# More GT40s from AFX



## Montoya1 (May 14, 2004)

Now here is a page we should all check often:

http://s199.photobucket.com/albums/aa147/wahoo50/


----------



## JordanZ870 (Nov 25, 2004)

Boy, I sure like that Yellow one!

When that one hits the shelves, I'll pay retail! :thumbsup:


----------



## videojimmy (Jan 12, 2006)

that yellow one is really nice!


----------



## PD2 (Feb 27, 2003)

I love the Dark Blue and Yellow front #6 one! SWEET color combo!

I love my Gulf colors GT40! That car is VERY nice! Been thinking about buying the red one, but may wait for the dark blue and yellow #6 now!

Also can't wait to see those F1 cars as the model in the pics!
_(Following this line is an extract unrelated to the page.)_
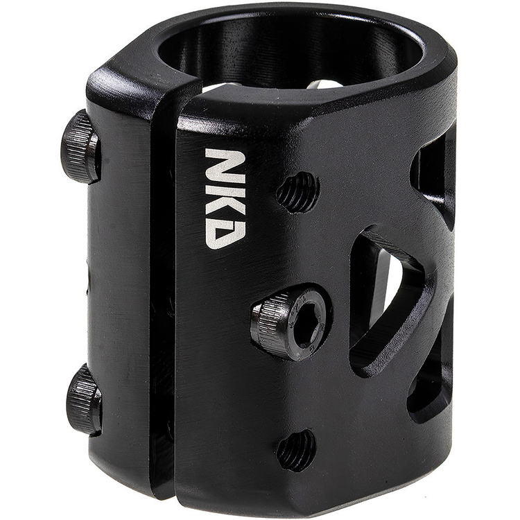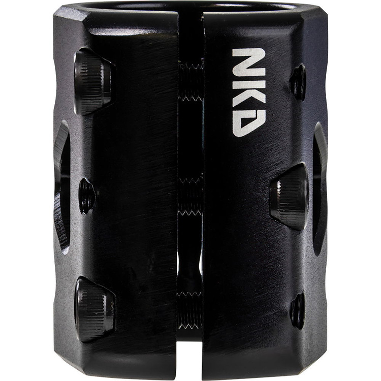 • NKD Octane Clamp to potrójny, lekki zacisk do hulajnogi wyczynowej z aluminiową, bardzo wytrzyma konstrukcją, którą daje pewność trzymania kierownicy przy każdym tricku. Kompatybilny z systemami HIC, IHC i ICS.
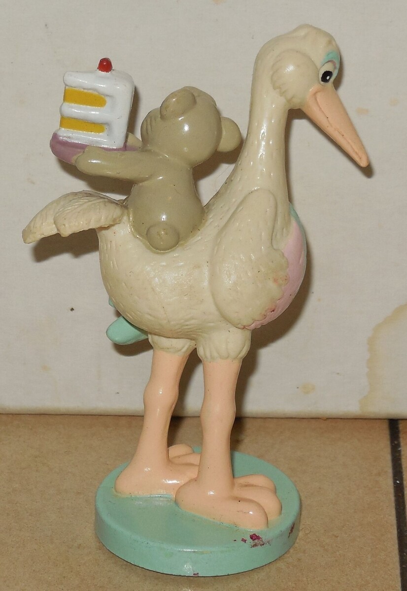Vintage 1992 Bundles By Applause Stork Figurine with teddy bear Gift Cake Topper

The current F1's are nice, but those will definitely be sweet!

Thanks for sharing Montoya1!
PD2:thumbsup:


----------



## Ligier Runner (Nov 29, 2004)

Sweet looking cars!


----------



## micyou03 (Apr 8, 2003)

I need both of them.


----------



## 1976Cordoba (Sep 20, 2000)

Montoya1 said:


> Now here is a page we should all check often:
> 
> http://s199.photobucket.com/albums/aa147/wahoo50/


 
Whoa -- looks like clear windows with an interior panel over the motor. Or are my eyes screwed up again . . . ? :drunk:

I see my next two purchases at that link no matter what the case.


----------



## RiderZ (Feb 19, 2007)

*!!!*

Yes in deed.Looks like very nice interior detail too.Must have both!!!:thumbsup:


----------



## PD2 (Feb 27, 2003)

1976Cordoba said:


> Whoa -- looks like clear windows with an interior panel over the motor. Or are my eyes screwed up again . . . ? :drunk:
> 
> I see my next two purchases at that link no matter what the case.


'doba,

No, your eyes do not deceive you! Those are clear windows with interior panels for the cockpit and motor areas! They are drawing rendered but a great step in the right direction of having interiors. Definitely cool!

PD2:thumbsup:


----------



## mopar78 (Sep 23, 2004)

Two more for me to buy


----------



## AfxToo (Aug 29, 2003)

Very cool indeed. If they continue to knock out killer products like these they are going to make a lot of slot car enthusiasts very happy.


----------



## T-Jet Racer (Nov 16, 2006)

I love there gt 40 the clear windows look great with the interior detailing. I know it is a lot of work to develope these bodies from scratch I hope they keep on this track. I never cared for the grey painted windowsbut I still bought 4 of them. A great product made right by professionals, as it should be.


----------



## Crimnick (May 28, 2006)

AfxToo said:


> Very cool indeed. If they continue to knock out killer products like these they are going to make a lot of slot car enthusiasts very happy.


And broke...


----------



## Bill Hall (Jan 6, 2007)

joez870 said:


> Boy, I sure like that Yellow one!
> 
> When that one hits the shelves, I'll pay retail! :thumbsup:


Agreed. 

Not much of a preorder jump on the bandwagon guy myself...but I'll definately make the exception for that yellar beauty!


----------



## SplitPoster (May 16, 2006)

wow, they look more like 1/32 detailed cars than "HO". I shudder to think what would happen to my wallet if wahoo started posting a whole line of endurance racers detailed to that level..... too cool.


----------



## grungerockjeepe (Jan 8, 2007)

Did anyone pull up that first pic of the Ultra G? Apparently those 'lace' style wheels are the real ones, as opposed to the cobbled up turbo/super G combo seen on the other thread here. Those are a great choice as they'll work with F1s, the GTs and many other sports/race cars.


----------



## vaBcHRog (Feb 19, 2003)

grungerockjeepe said:


> Did anyone pull up that first pic of the Ultra G? Apparently those 'lace' style wheels are the real ones, as opposed to the cobbled up turbo/super G combo seen on the other thread here. Those are a great choice as they'll work with F1s, the GTs and many other sports/race cars.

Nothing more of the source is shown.